Dünya

Suriye’nin yeni nesli: Sürgünde bir milyondan fazla çocuk doğdu

2011 yılında Suriye’de çatışmaların başlamasının üzerinden 10 yıldan uzun bir süre geçmişken, Hadil isimli bir kadın, Ürdün’de Suriyeli mültecilerin yaşadığı Zaatari kampında üçüncü çocuğunun doğumunu bekliyor.

Suriye’nin yeni nesli: Sürgünde bir milyondan fazla çocuk doğdu
30-10-2022 18:50

2011 yılında Suriye’de çatışmaların başlamasının üzerinden 10 yıldan uzun bir süre geçmişken, Hadil isimli bir kadın, Ürdün’de Suriyeli mültecilerin yaşadığı Zaatari kampında üçüncü çocuğunun doğumunu bekliyor. Hadil’in doğacak çocuğu, krizin başlangıcından bu yana sürgünde doğan bir milyondan fazla Suriyeli çocuktan biri olacak.

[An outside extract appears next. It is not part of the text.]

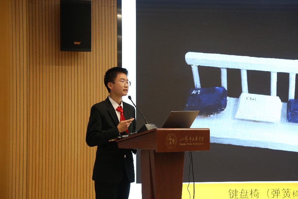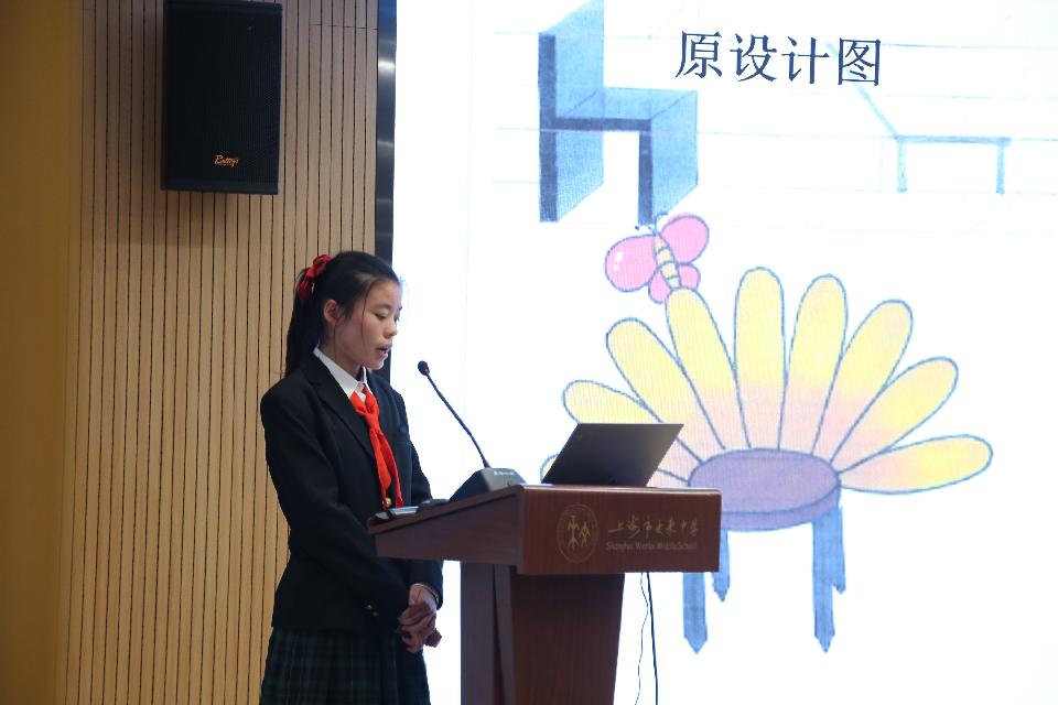 接着,上海市文来中学劳动技术教师戴玉眉带领七年级两位学生进行了美劳共育的单元作品展示,戴玉眉讲到根据美术学科椅子设计构思的草图和纸模型,绘制零件图,按照零件图尝试制作木艺椅子模型,过程中遇到生成性问题则优化设计或改进加工技术,最后木模成型。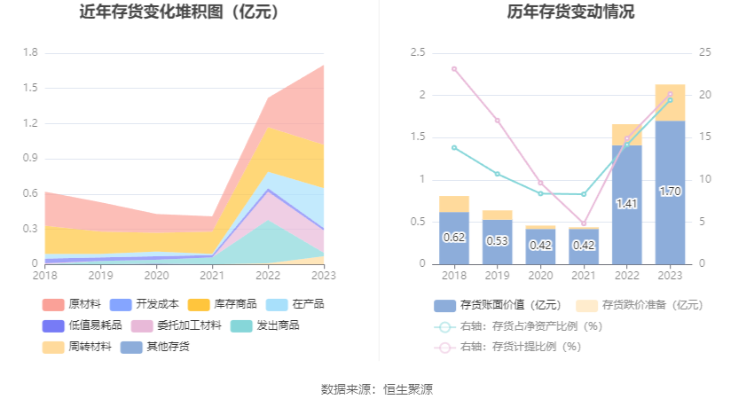 从存货变动来看,截至2023年年末,公司存货账面价值为1.7亿元,占净资产的19.45%,较上年末增加2938.74万元。其中,存货跌价准备为4298.46万元,计提比例为20.17%。

25 yaşındaki Hadil (Takma ad) ailesi ile birlikte, 10 yıl önce rejim aleyhine başlayan Suriye devriminin ardından Dera’dan, bugün yarısı çocuk olmak üzere 80 bin mülteciyi barındıran kampa geldi. Hadil, kampta Suriyeli bir mülteciyle evlendi ve şimdi 6 ve 7 yaşlarında iki çocuğu var.

Periyodik kontroller için kamp içindeki bir kliniğe gelen 6 aylık hamile kadın Fransız haber ajansı AFP’ye “Evimde, ülkemde olmayı ummuştum ama kader burada olmama, burada evlenmeme ve burada ülkemden uzakta çocuklarımı doğurmama karar verdi” dedi.

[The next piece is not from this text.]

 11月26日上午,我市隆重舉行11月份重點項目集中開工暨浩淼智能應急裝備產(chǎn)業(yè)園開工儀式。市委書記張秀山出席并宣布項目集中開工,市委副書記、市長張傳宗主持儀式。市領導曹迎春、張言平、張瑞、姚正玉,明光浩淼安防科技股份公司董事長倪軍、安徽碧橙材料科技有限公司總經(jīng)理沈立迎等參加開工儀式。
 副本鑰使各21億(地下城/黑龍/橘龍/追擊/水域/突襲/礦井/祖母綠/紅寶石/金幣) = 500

Birleşmiş Milletler (BM) rakamlarına göre bugün Türkiye, Lübnan, Ürdün, Mısır ve Irak’ta 5,6 milyondan fazla Suriyeli mülteci bulunuyor. Bu mültecilerin 675 bini Ürdün’de yaşıyor. Ancak Ürdün makamları, ülkedeki gerçek mülteci sayısını 1,3 milyon olarak tahmin ediyor.

"SURİYE NEREDE?"

Siyah bir başörtüsü ve koyu kahverengi elbise giyen kadın, “Çocuklarım büyüdü ve Suriye'den bahsettiğimi duyunca ‘Anne, Suriye nerede? Biz neden burada yaşıyoruz?’ diye soruyorlar” dedi.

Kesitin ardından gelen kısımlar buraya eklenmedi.